[Stored data entries]

——

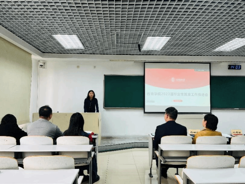 为学习贯彻落实党中央、国务院 “稳就业”“保就业”决策部署,引导毕业生树立正确就业观念,推进2023届毕业生就业工作,2023年4月20日下午2点,谈球吧官方网站于海淀校区文东304召开2023届毕业生就业工作推进会。教育公司党委书记闫建敏,党委副书记、经理高兵,副经理夏仕武,员工就业工作处杨新宇,2019级教育学本科生班主任周廷勇,2021级教育学二学位本科生班主任余红玉,2021级教育硕士辅导员张良,2022级新生辅导员那缘缘出席会议,全体2023届毕业生通过线上线下相结合形式参会。本次会议由辅导员杨湜汀主持。
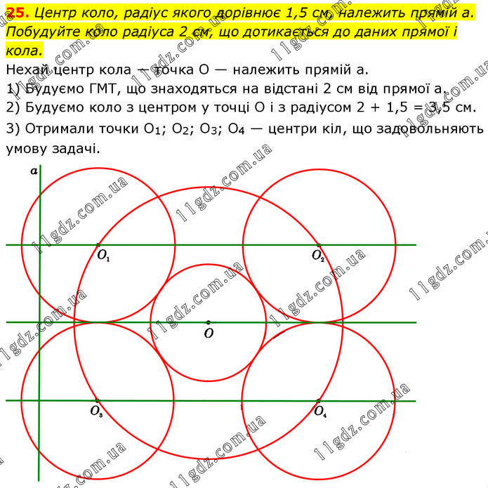 Центр коло, радіус якого дорівнює 1,5 см, належить прямій а. Побудуйте коло радіуса 2 см, що дотикається до даних прямої і кола. Нехай центр кола — точка O — належить прямій а. 1) Будуємо ГМТ, що знаходяться на відстані 2 см від прямої а. 2) Будуємо коло з центром у точці O і з радіусом 2 + 1,5 = З,5 см. 3) Отримали точки O1; O2; O3; O4 — центри кіл, що задовольняють умову задачі.
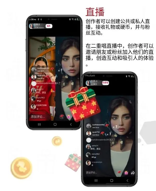 从 “点赞、评论、分享” 的基础互动,到 “私信聊天(支持图片、语音)、直播打赏、双人直播连麦” 的深度社交,我们搭建了关系沉淀的完整路径。
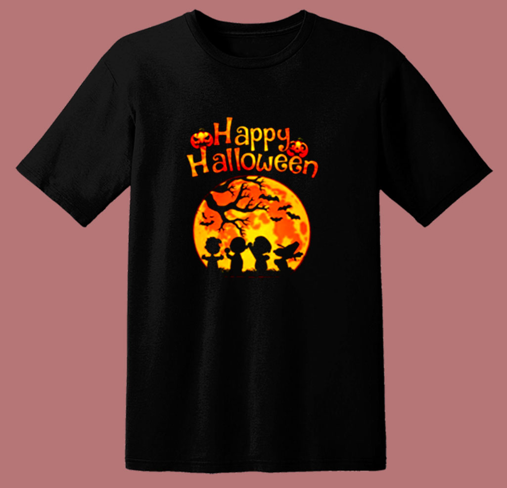 Peanut Snoopy And Charlie Brown Happy Halloween Pumpkin Moon 80s T Shirt
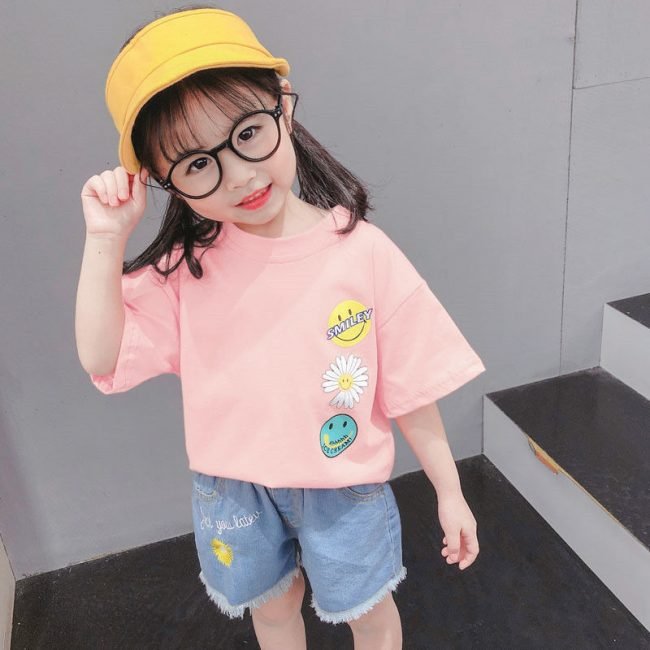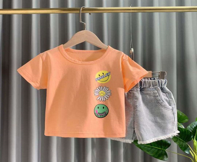 0-4 years attractive Summer Dress Cotton Shirt and Jeans Nikkar For Girls in Peach, Black and Pink Color

——

:: WHAT YOU SHOULD DO ::
Transcribe nothing but the lines from the one containing "Peanut Snoopy And" through the final line of the records, exactly as written and without pictures.

:: RESPONSE BELOW ::
 Peanut Snoopy And Charlie Brown Happy Halloween Pumpkin Moon 80s T Shirt
 0-4 years attractive Summer Dress Cotton Shirt and Jeans Nikkar For Girls in Peach, Black and Pink Color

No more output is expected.